# What royal morph do you think is the best?



## MB4125 (Dec 12, 2010)

My favourite is the piebald :no1:, and i was just wondering what does everyone else like? :2thumb:








http://www.reptileforums.co.uk/forums/USERIMAGES/DSCF2336.JPG


----------



## markhill (Sep 22, 2006)

single gene would be Clown:mf_dribble:


----------



## kingball (Jun 21, 2009)

my single gene has to be the ghost :mf_dribble:


----------



## corny girl (Aug 30, 2009)

Single gene would have to be a Lesser or Cinnamon, but all time favourite would be the Panda Pied :mf_dribble::mf_dribble::mf_dribble:.


----------



## firebelliedfreak (Nov 3, 2008)

my single gene 3 are lemon pastel NERD line, granite and YB

my absolute fav would be an ebony


----------



## markhill (Sep 22, 2006)

You cant beat a nice Dreamsicle:2thumb:

(Adults are better than babies)


----------



## nuggett5 (Sep 14, 2007)

mojaves, lessers, spiders and yb : victory:


----------



## bcourt2005 (Apr 4, 2010)

Single gene for me would have to be lesser
But my number 1 would have to be an axanthic killerbee =] 
(totaly cant spell) :blush:


----------



## brookestar (Jul 14, 2009)

single gene would have to be lesser, favourite i can afford is kingpin but absolute fav is purple passion


----------



## chris2007 (Aug 18, 2010)

Pied will always be king!!! :2thumb:


----------



## Sziren (Mar 25, 2008)

Pieds and most pied combos for me... all I am working with too, just love them!! )


----------



## stainthedane (Sep 15, 2008)

Bumblebees!!!!! :flrt:


----------



## mrhazardlights (Oct 30, 2010)

kingpin


----------



## Becky (Mar 26, 2007)

My all time favourite royal... and one i WILL own one day.. is a super phantom


----------



## arm2010 (Jun 2, 2005)

Got to be the Albino a nice easy on the eye paint job.


----------



## firebelliedfreak (Nov 3, 2008)

i would say a coral glow, dont really like the combos though
or a purple passiony thing, or mystic type stuff


----------



## Ssthisto (Aug 31, 2006)

Favourite single gene: either Piebald or Mojave.

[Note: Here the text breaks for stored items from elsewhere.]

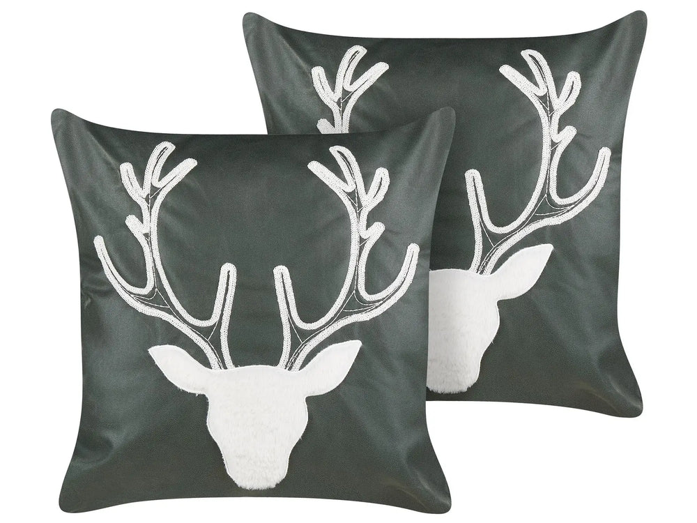 Set of 2 Scatter Cushions Green Velvet 45 x 45 cm Reindeer Motif Christmas Accessories Festive Decor Beliani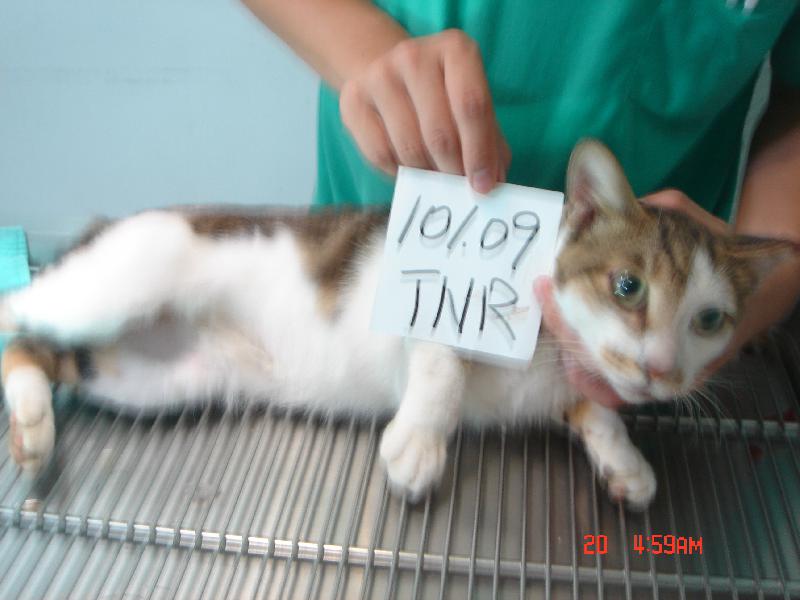 花色: 白底虎斑 誘捕地點: 新北市汐止區林肯大郡
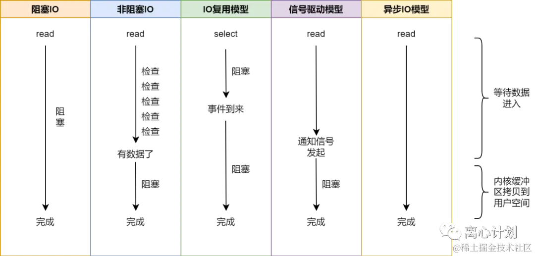 针对用户进程调用read读取网络IO数据的过程,映射到不同IO模型上时,就是这样:

Favourite combination: Lesser/Mojo BluEL, Lightning Pied.


----------



## chondropython (Mar 22, 2008)

Despite obvious slight neurological disadvantages mine would have to be the bumble bee and it is too my Fiancees so she got a spider for xmas and were looking for a nice female pastel in a few months.:2thumb::notworthy:


----------



## jambo1984 (Aug 1, 2010)

kingball said:


> my single gene has to be the ghost :mf_dribble:


yep ghost is mine to


----------



## Zimey (Sep 28, 2008)

Cant go wrong with a Pastel : victory:


----------



## alan1 (Nov 11, 2008)

pied! what the gene does is nothing short of amazing!


----------



## corny girl (Aug 30, 2009)

alan1 said:


> pied! what the gene does is nothing short of amazing!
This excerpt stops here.